Problem: The whole listing, exactly as given: write it out, leaving out each image.

Dataset content:
■ ■ ■ ■
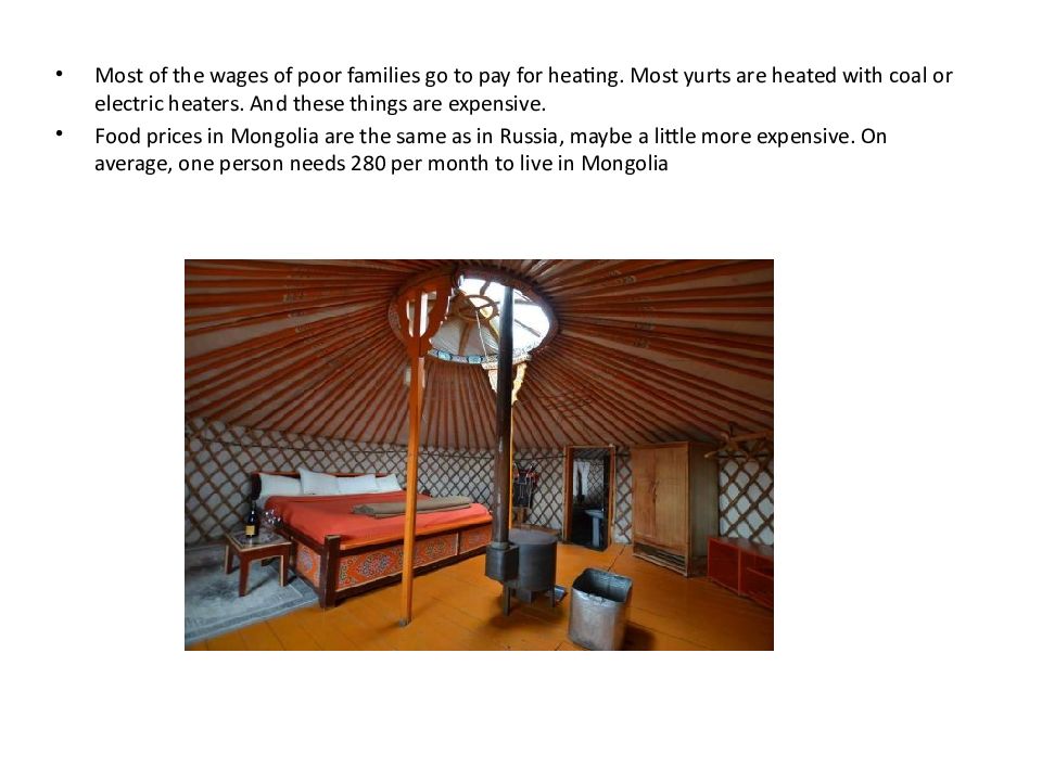 Most of the wages of poor families go to pay for heating. Most yurts are heated with coal or electric heaters. And these things are expensive. Food prices in Mongolia are the same as in Russia, maybe a little more expensive. On average, one person needs 280 per month to live in Mongolia
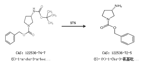 1.通過(S)-1-n-cbz-3-n-boc-氨基吡咯烷合成(S)-(+)-1-Cbz-3-氨基吡咯烷,收率約97%;
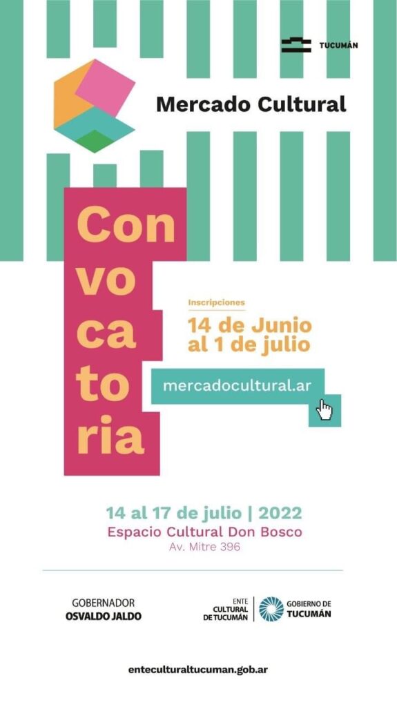El Ente Cultural de Tucumán convoca a colectivos de producción artística de la provincia de Tucumán a postularse para la nueva edición del Mercado Cultural, evento que se realizará del 14 al 17 de julio de 2022 en el Espacio Cultural Don Bosco (Av. Mitre 396).
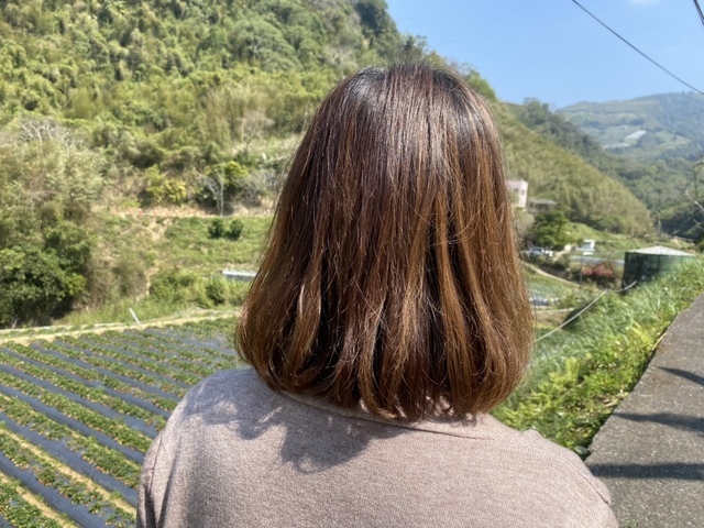 太陽光照下來,我發現髮色維持得不錯,髮絲也很柔很順呢!
■ ■ ■ ■
Completed task:
 Most of the wages of poor families go to pay for heating. Most yurts are heated with coal or electric heaters. And these things are expensive. Food prices in Mongolia are the same as in Russia, maybe a little more expensive. On average, one person needs 280 per month to live in Mongolia
 1.通過(S)-1-n-cbz-3-n-boc-氨基吡咯烷合成(S)-(+)-1-Cbz-3-氨基吡咯烷,收率約97%;
El Ente Cultural de Tucumán convoca a colectivos de producción artística de la provincia de Tucumán a postularse para la nueva edición del Mercado Cultural, evento que se realizará del 14 al 17 de julio de 2022 en el Espacio Cultural Don Bosco (Av. Mitre 396).
 太陽光照下來,我發現髮色維持得不錯,髮絲也很柔很順呢!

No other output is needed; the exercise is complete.